5 minute read
Crave Marinades - WOW Award
Preston Entrepreneur Recieves #Wow Award From Jacqueline Gold CBE
On August 6th, Karen Riley from Ashton, was recognised by British businesswoman, Jacqueline Gold CBE, for her success as a female entrepreneur, and awarded with a prestigious #WOW badge.
Advertisement
Karen was selected by Jacqueline after she entered ‘Women on Wednesday’ - a competition launched by Jacqueline in 2011 to celebrate the growing number of UK female entrepreneurs and businesswomen.

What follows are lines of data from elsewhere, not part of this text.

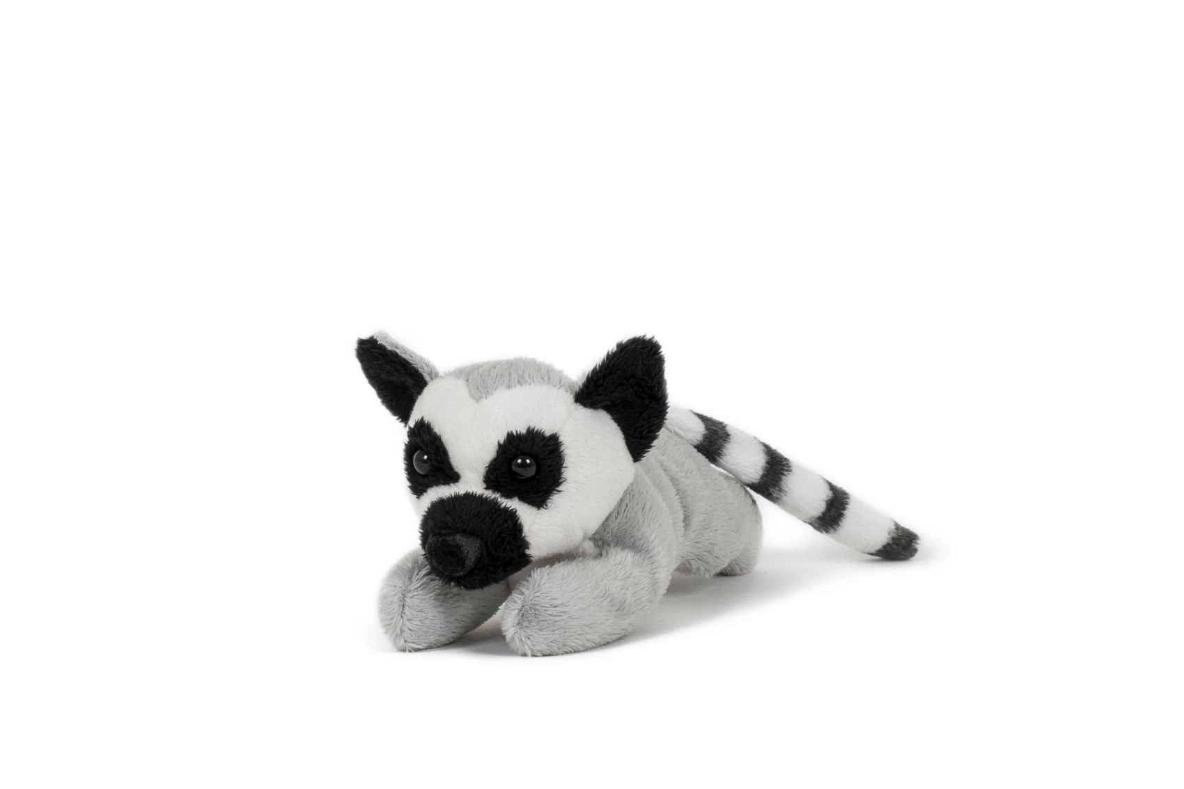Schattige pluchen ringstaartmaki in liggende positie met het kenmerkende zwart-witte kleurpatroon en een lange gestreepte staart. Dankzij het realistische design, het zachte en soepele materiaal en de vriendelijke uitstraling wordt het snel een favoriete knuffel- en speelkamerad, thuis én onderweg.
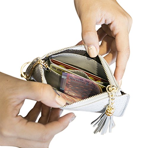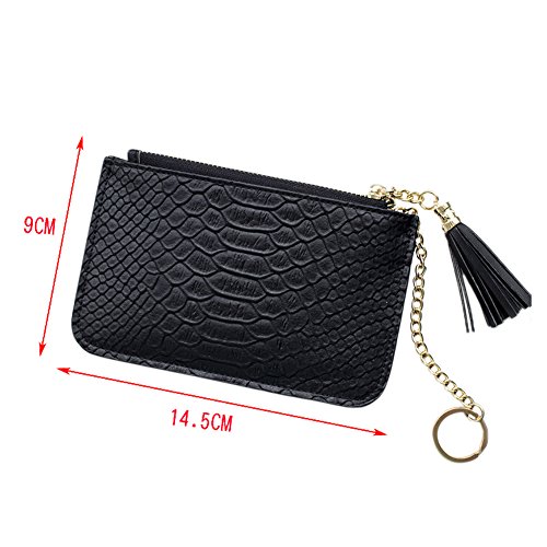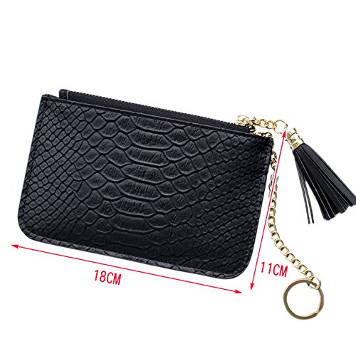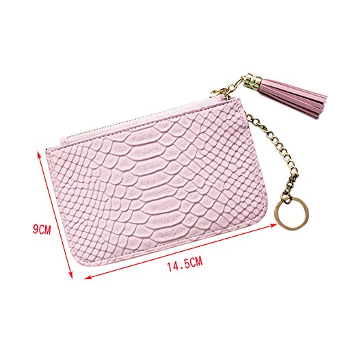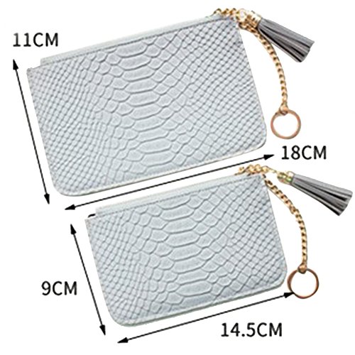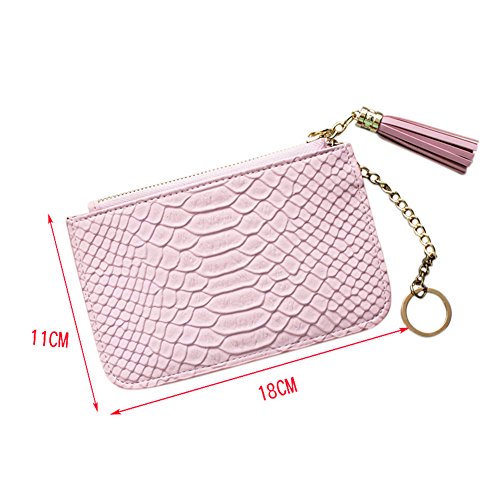 -. Feature : Material: Made of PU Leather + Polyester Lining, High Quality, Soft touch and Durable. / Pattern: Small and Cute Style, Snake skin Pattern Leather Texture£¬Tassel Pendant, Candy color and Zipper closure Purse. / Structure: The wallet is composed of Zipper Coin Pocket, Card Slots and Cash Slot. / Dimension: 14.5cm*9cm*1cm (Small)/18cm*11cm*1cm(Medium), easy to carry and suitable for holding cash, coins, cards and other little things. / Application: A handheld Clutch Purse for Casual, Travel, School, Shopping, Office etc.
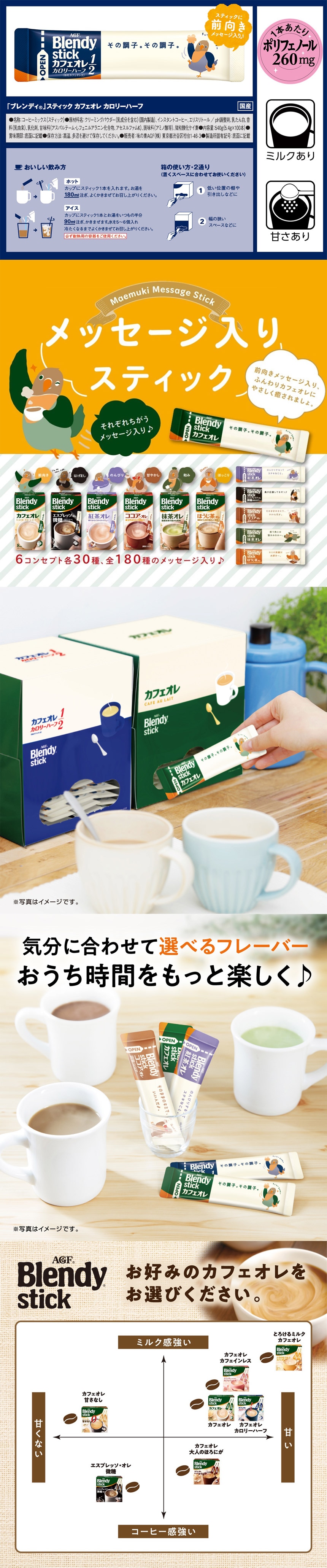 AGF(エージーエフ)「ブレンディ」 スティック カフェオレ カロリーハーフ100本は、カフェオレのおいしさはそのままにカロリー半分。
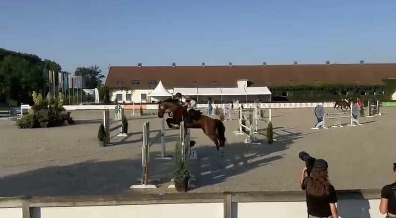 Trotteur pour junior destiné à l'initiation au saut d'obstacles
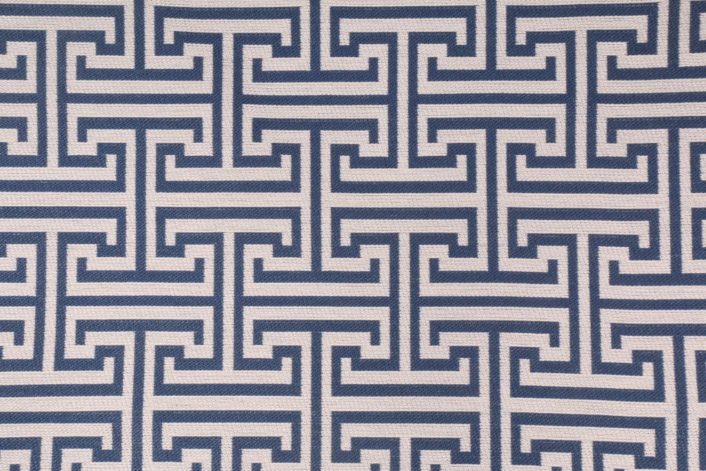 Couture Textiles Key Maze Upholstery Fabric in Marine. This high end woven upholstery weight fabric is suited for uses requiring a more durable designer fabric. Uses include any upholstery project, sofas, chairs, dining chairs, pillows, certain types of window treatments, handbags and craft projects.
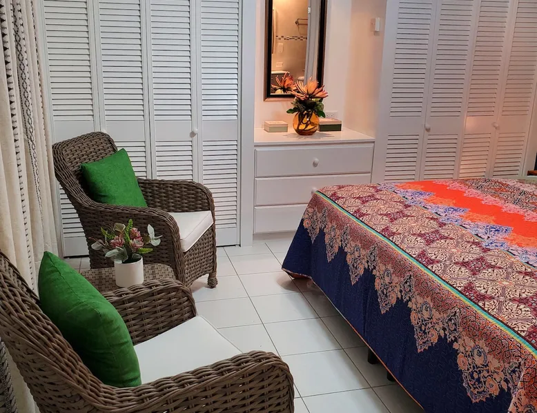 Welcome to "The Dream" , a newly renovated apt/condo in the popular St. Lawrence Gap, but.. on the quiet end. There are only 3 other units in a gated complex giving you a private feel. Enjoy a shared pool and laundry. With only a 2 minute walk to 3 beaches, restaurants, night life, and shopping, you will absolutely make wonderful memories. This unit is minutes from Oistins known for their famous fish fry Fridays, Worthing, Hastings Boardwalk and Bridgetown. Walking is easy. Taxis are close. The space As you enter into our gated complex, you will be surrounded by lush tropical foliage. Our unit is on the ground floor and is great for those with mobility challenges. The pool is steps away from our door. As you enter into our apartment, you will find it to be bright, beachy and modern with an open floor concept. There is a smart TV for your viewing pleasure. Our two bedrooms are beautifully decorated with comfortable beds, ample closets and dresser space. The master has an en-suite bathroom and seating area. The second bedroom has two twin beds that can be converted into a king bed. Both bathrooms have been fully redone with walk in showers . We have a full kitchen, dining area and outdoor dining on the patio along with outdoor dinnerware. We are steps away to the beach, a host of restaurants and close to all attractions on the south coast. You will feel at peace and relaxed in our space. There are only 3 other units so you will feel private . Everyone is friendly. We just want you to be aware that the pool is not gated nor does it have a lifeguard . Parents/guardians must ensure the safety of the children in their party in or around the pool area at all times. Guests are responsible for their safety around the pool and areas surrounding the pool. Glass bottles, glasses of any kind are forbidden in pool area. For your safety, we have an alarm system as well as a non audio video camera at the front door entrance. To ensure the comfort and privacy of all guests on the premises. No parties or loud music are allowed. For the privacy and safety of all on the property, only registered guests are allowed to overnight. We STRONGLY advise against inviting "new friends"/strangers onto the property. This is for your safety, other guests safety and the safety of owners, staff and vendors. We are not liable. Cigarette smoking is permitted on the patio only, not in the apartment or by the pool. A $500 USD cleaning fee will be charged if you smoke inside of the unit. Drugs, vaping of any kind are not permitted. Marijuana is illegal in Barbados. You will be reported to the local authorities. No weapons are permitted. You will be reported to local authorities. We do not share items between apartment unless authorized by the condo owner. please do not take items from our apartment to another and do not take items from other apartments. No pets are permitted. Quiet hours 10pm-7am. Guest access Shared pool, lounge chairs, and shared guest laundry . We do not share items from any other condo unit. Please do not bring their items or leave our items in any other unit. Other things to note Late check possible based on availability. Fee may be incurred.

Women on Wednesday (#WOW) takes place every week and is run through Jacqueline’s Twitter and Instagram page. When selecting the winner, Jacqueline looks for a business that is interesting, that has strong brand values and that she thinks has the potential to grow and succeed in their industry. She looks for quality products and services, well designed websites and entrepreneurs who demonstrate good business acumen and who have spotted a gap in the market that meets the consumer’s needs.
Jacqueline Gold says: “Karen has had a passion for cooking her whole life, particularly when it came to using spices. This led to the creation of Crave Marinades a healthy low fat, low sugar, and plant based spice blend. Karen will be a great addition to the WOW community, and I can’t wait to try her marinade!”

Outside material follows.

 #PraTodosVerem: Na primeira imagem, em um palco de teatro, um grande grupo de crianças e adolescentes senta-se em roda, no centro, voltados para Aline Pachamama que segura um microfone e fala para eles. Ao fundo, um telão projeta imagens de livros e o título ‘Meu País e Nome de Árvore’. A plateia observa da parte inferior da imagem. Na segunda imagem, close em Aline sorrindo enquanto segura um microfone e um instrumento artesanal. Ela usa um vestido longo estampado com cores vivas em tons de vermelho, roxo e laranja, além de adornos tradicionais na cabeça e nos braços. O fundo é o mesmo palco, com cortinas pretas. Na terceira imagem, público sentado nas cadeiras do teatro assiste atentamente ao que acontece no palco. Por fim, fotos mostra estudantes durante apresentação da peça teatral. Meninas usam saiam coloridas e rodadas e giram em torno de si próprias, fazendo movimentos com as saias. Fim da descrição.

For me, #WOW is all about inspiring and celebrating female entrepreneurs. My vision is for women in the UK to come together, celebrate their strengths, skills and fantastic businesses, and do all that they can to inspire other women to realise their potential.

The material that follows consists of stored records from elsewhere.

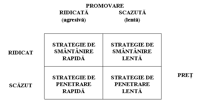 Atat in ceea ce priveste politica de "smantanire a pietei" cat si cea de penetrare exista doua variante: una lenta si una rapida, conform figurii de mai jos.
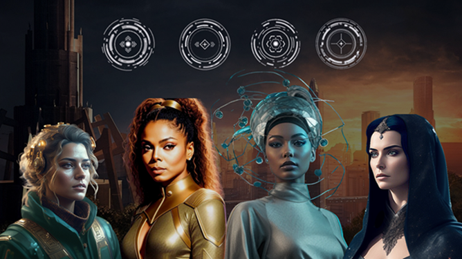 | Physical Description | Attire for each House usually matches the House's colour theme to distinguish them. Lady Vanei, First House: 46 Federation years. Brown curly hair that stops just at the mid-back, and hazel eyes. She usually keeps it up in a ponytail. Prefers a simple appearance and will usually only wear earrings for jewelry. Tallest at 5'2". House colour is gold. Lady Emeyr, Second House: 29 Federation years. Light brown to blonde hair, loose curls, which stops at her shoulders, and brown-green eyes. Often dresses more casual compared to the other Ladies, but will glam up any head jewelry. Fourth tallest at 5'0". House colour is mint green. Lady Relou, Third House: 39 Federation years. Dark brown hair, usually silk pressed, but she keeps it maintained under a headwrap, and dark brown eyes. Attire is usually modest but will reflect whatever cultural event is happening through accessories. She will also be creative with makeup while the other Ladies keep it simple. Also 5'2". House colour is silver. Lady Sama, Fourth House: 39 Federation years. Black, sleek straight hair, almost always pulled back into a low bun, and blue eyes. Strictly wears mobile attire like suits that always have armor woven into the fabric. May sometimes wear a decorative piece of jewelry on her forehead depending on the occasion, but is usually dressed for performance. Third tallest at 5'1". House colour is dark blue. All Lonians have a soft, v-shaped forehead ridge and have the same physical characteristics as Teevs. |
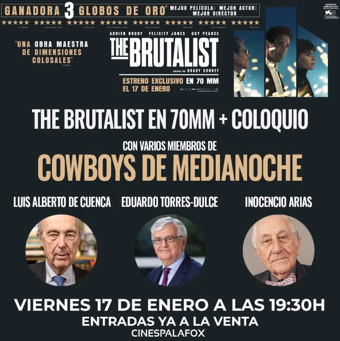 Para celebrar este estreno, visitarán los Cines Palafox Luis Alberto de Cuenca, Eduardo Torres-Dulce e Inocencio Arias, miembros y colaboradores habituales del programa de radio Cowboys de Medianoche que dirige Luis Herrero. Una oportunidad única para celebrar el estreno del año en un evento en el que mantendrán un coloquio al terminar la proyección con los espectadores. Las entradas para el evento se pueden comprar desde ya en la web de Cines Palafox

The WOW community is a fantastic network which offers female entrepreneurs the opportunity to share advice, support each other, trade and most importantly celebrate their successes!”
For more information about Crave Marinades, please visit: www.cravemarinades.com
For more information about Women on Wednesday, please visit: www.jacgueline old.com/wow/wowabout/
Denise Mullen is a journalist, columnist, writer and entrepreneur.
AND SAY ‘AAAAAAHHHH’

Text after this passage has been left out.